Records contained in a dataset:
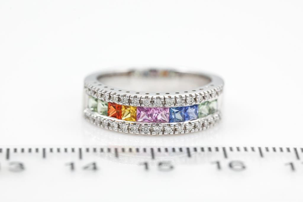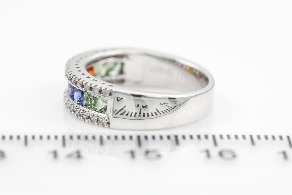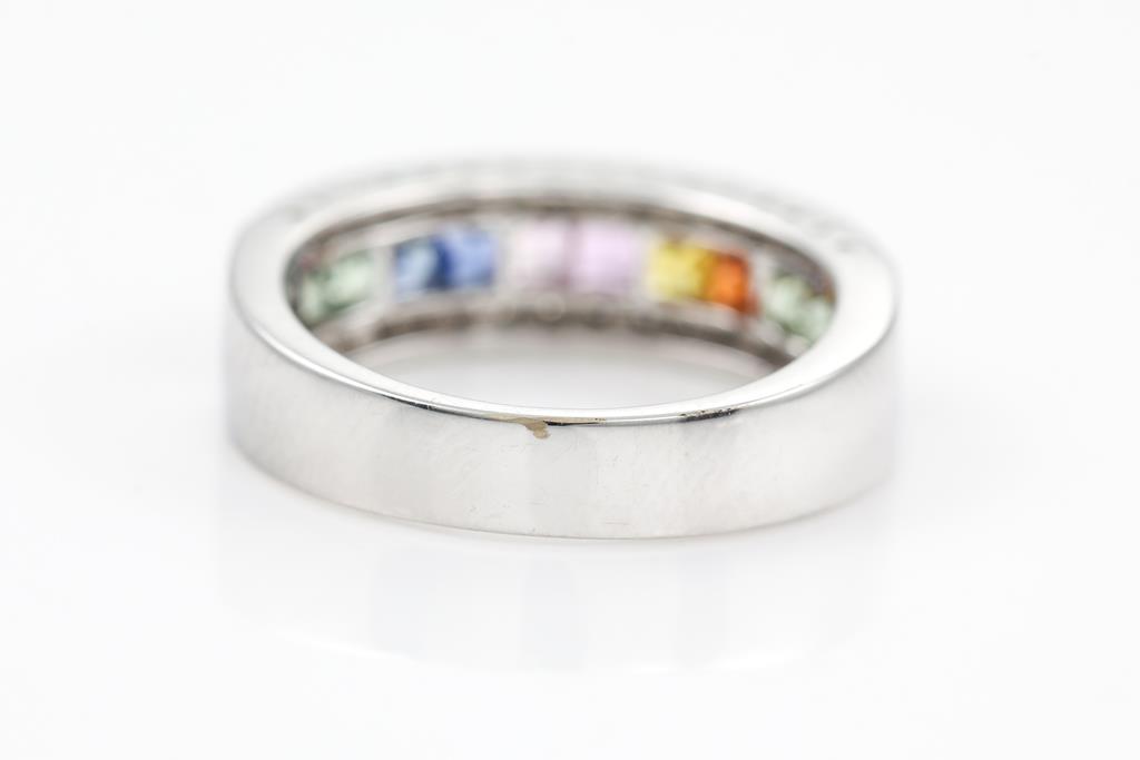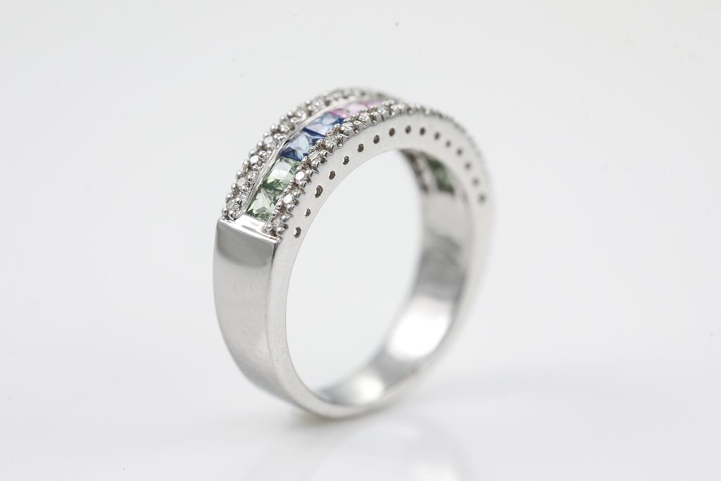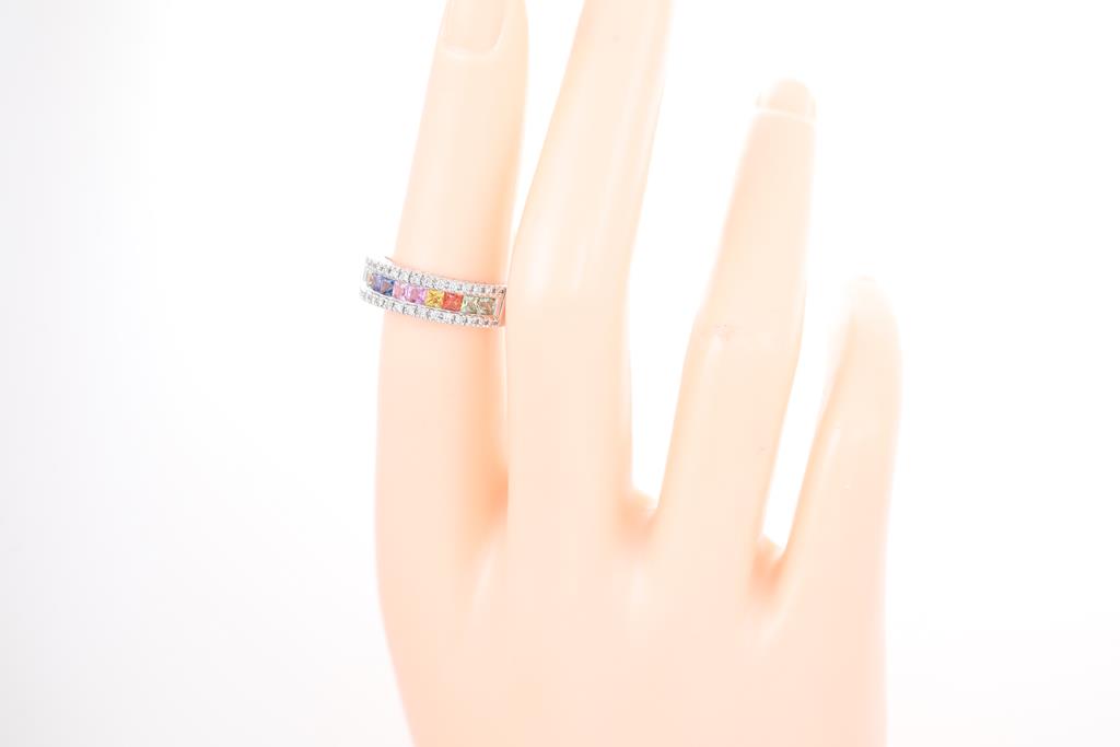 Sapphire ring with princess cut multi-colour Sapphres totalling 0.95cts and round Diamonds totalling 0.16cts. 18ct white gold. Ring size: L - ring resizing is not recommended. Weight: 6.1g. (Pre-owned)
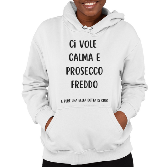 Felpa con Cappuccio Donna "Ci vuole calma e prosecco freddo"
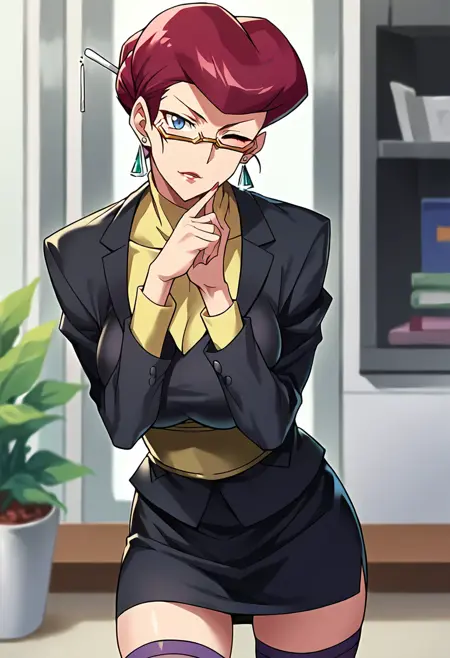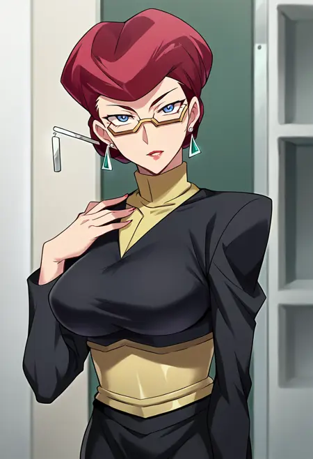 score_9, score_8_up, score_7_up, source_anime, masterpiece, 1girl, ct_sc4rlet, red hair, short hair, hair bun, hair stick, large breasts, semi-rimless eyewear, earrings, black uniform, black pencil skirt, underbust, long sleeves, looking at viewer, indoors, cowboy shot, upper body, hand up,
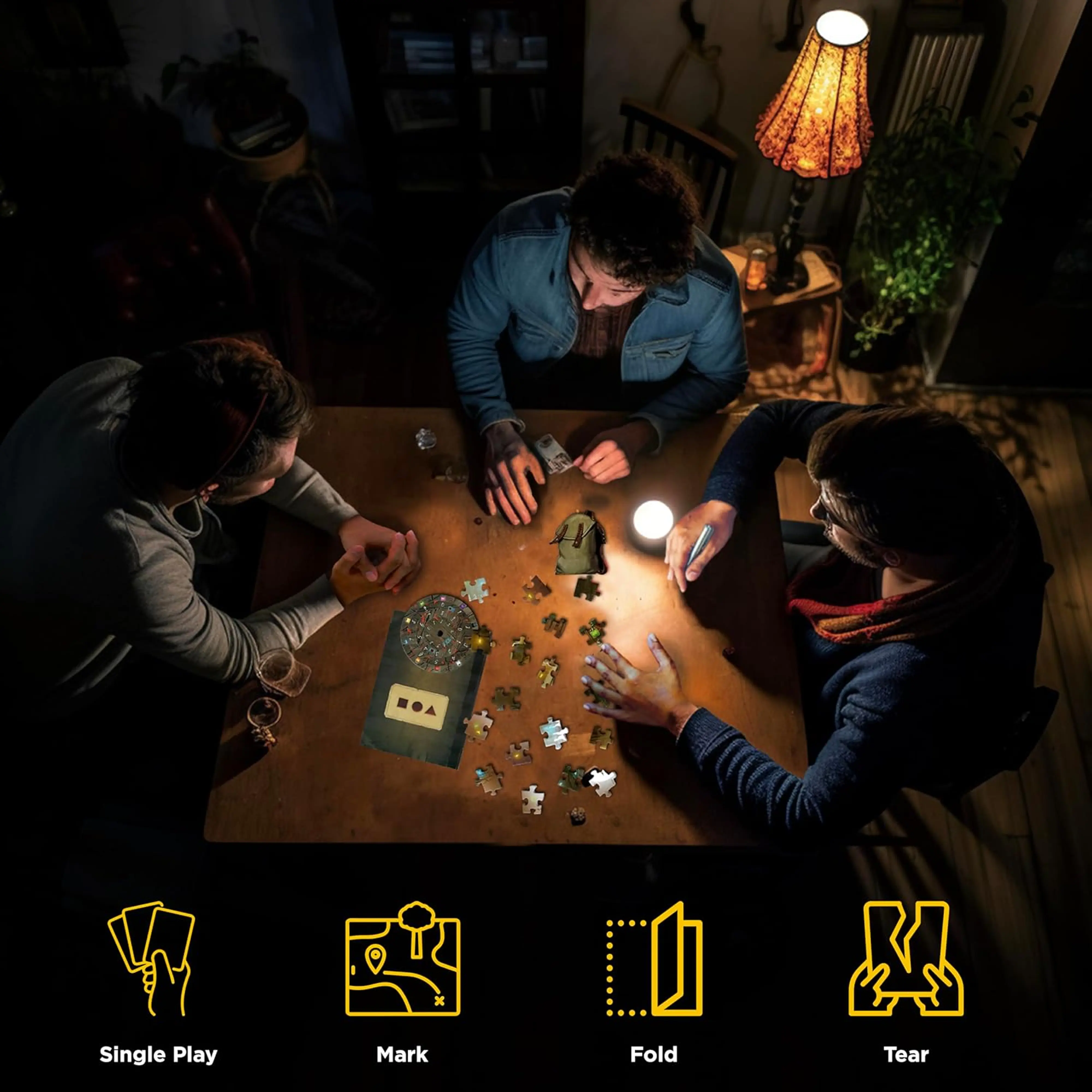 Deli sestavljank se uporabljajo kot ključi ali namigi, kar ustvarja edinstveno interaktivno izkušnjo. Igra je idealna za skupinsko igranje, saj spodbuja komunikacijo in skupno reševanje.🕯️🔎🏚️
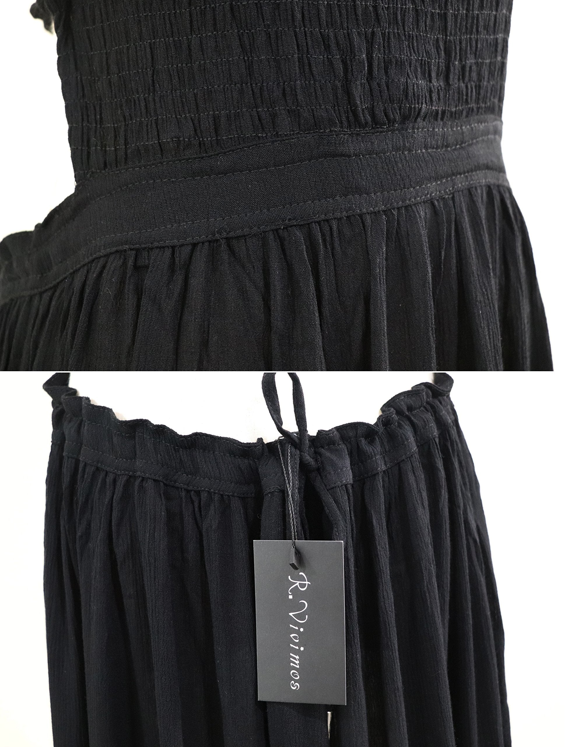 Adjustable Tie | Asymmetrical Layered Hem | Ruffle Slit Flowy Hem | Elastic Waist | Elastic Smocked Top | Low Back Waist | Elastic Waist |
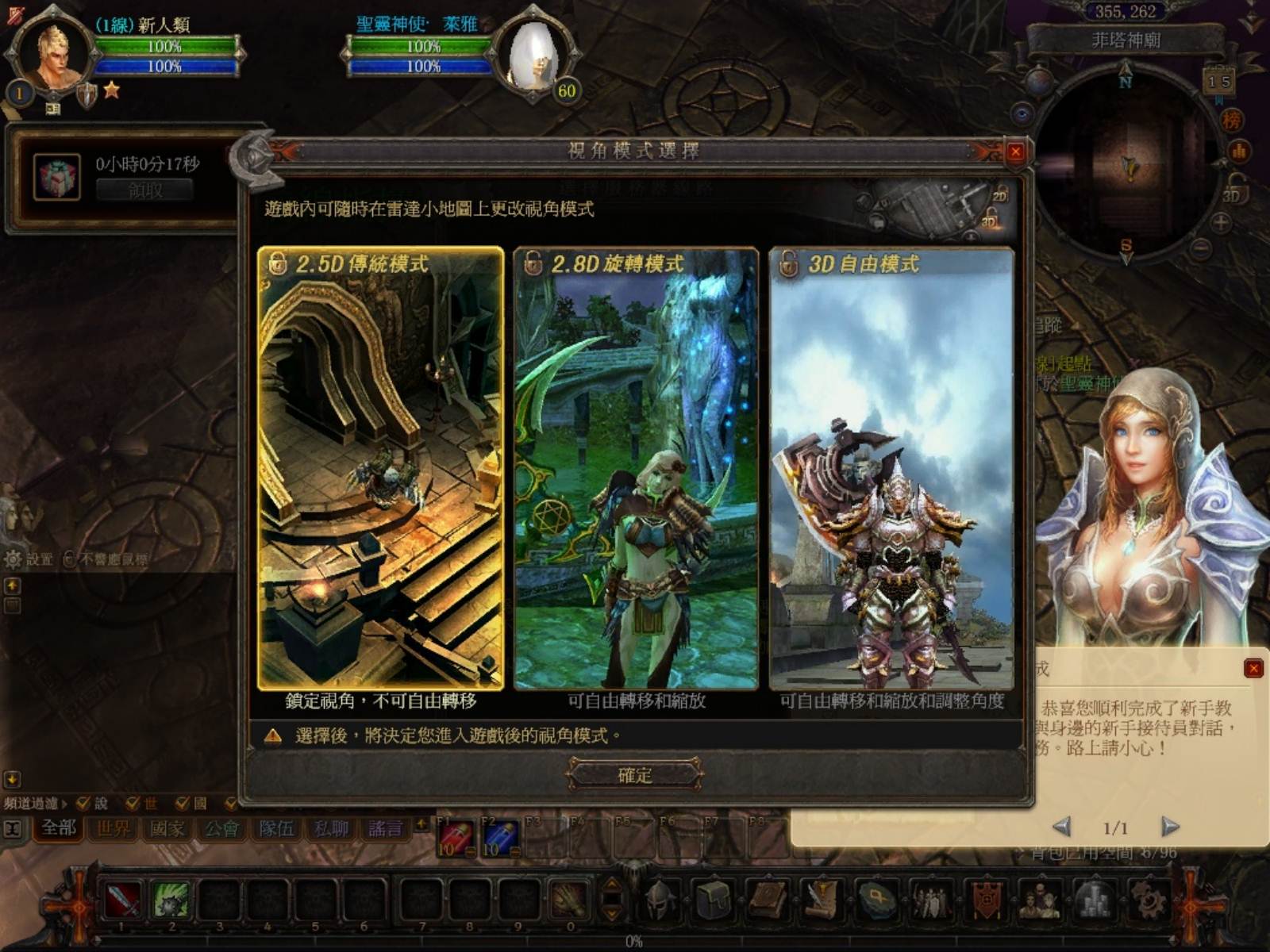 在新手教學過程中,系統會自動跳出三種不同的視角讓玩家們選擇,有 2.5D 的傳統模式、2.8D 的旋轉模式、3D 的自由模式。差別在於 2.5D 只能拉遠近,畫面角度是鎖死的。而 2.8D 則多了自由左右旋轉方向的選擇,3D 模式顧名思義就是可以上下左右前後全部自由旋轉了,在這邊小編推薦使用 2.8D 模式進行遊戲會比較方便。
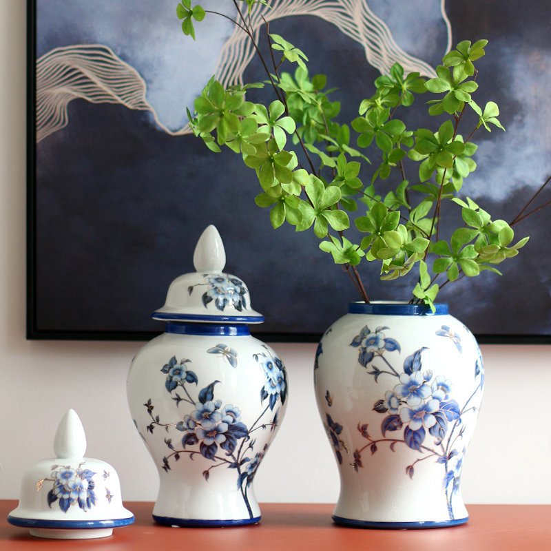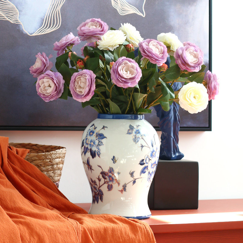Elegant and gentle Chinese-style ornaments ceramic vases new Chinese-style living room classical hand-painted decorative high-legged flower arrangements

→ **DESCRIPTION OF THE TASK**:
Exactly as written, print each entry, leaving all pictures out.

→ **SOLVED PROBLEM**:
 Sapphire ring with princess cut multi-colour Sapphres totalling 0.95cts and round Diamonds totalling 0.16cts. 18ct white gold. Ring size: L - ring resizing is not recommended. Weight: 6.1g. (Pre-owned)
 Felpa con Cappuccio Donna "Ci vuole calma e prosecco freddo"
 score_9, score_8_up, score_7_up, source_anime, masterpiece, 1girl, ct_sc4rlet, red hair, short hair, hair bun, hair stick, large breasts, semi-rimless eyewear, earrings, black uniform, black pencil skirt, underbust, long sleeves, looking at viewer, indoors, cowboy shot, upper body, hand up,
 Deli sestavljank se uporabljajo kot ključi ali namigi, kar ustvarja edinstveno interaktivno izkušnjo. Igra je idealna za skupinsko igranje, saj spodbuja komunikacijo in skupno reševanje.🕯️🔎🏚️
 Adjustable Tie | Asymmetrical Layered Hem | Ruffle Slit Flowy Hem | Elastic Waist | Elastic Smocked Top | Low Back Waist | Elastic Waist |
 在新手教學過程中,系統會自動跳出三種不同的視角讓玩家們選擇,有 2.5D 的傳統模式、2.8D 的旋轉模式、3D 的自由模式。差別在於 2.5D 只能拉遠近,畫面角度是鎖死的。而 2.8D 則多了自由左右旋轉方向的選擇,3D 模式顧名思義就是可以上下左右前後全部自由旋轉了,在這邊小編推薦使用 2.8D 模式進行遊戲會比較方便。
Elegant and gentle Chinese-style ornaments ceramic vases new Chinese-style living room classical hand-painted decorative high-legged flower arrangements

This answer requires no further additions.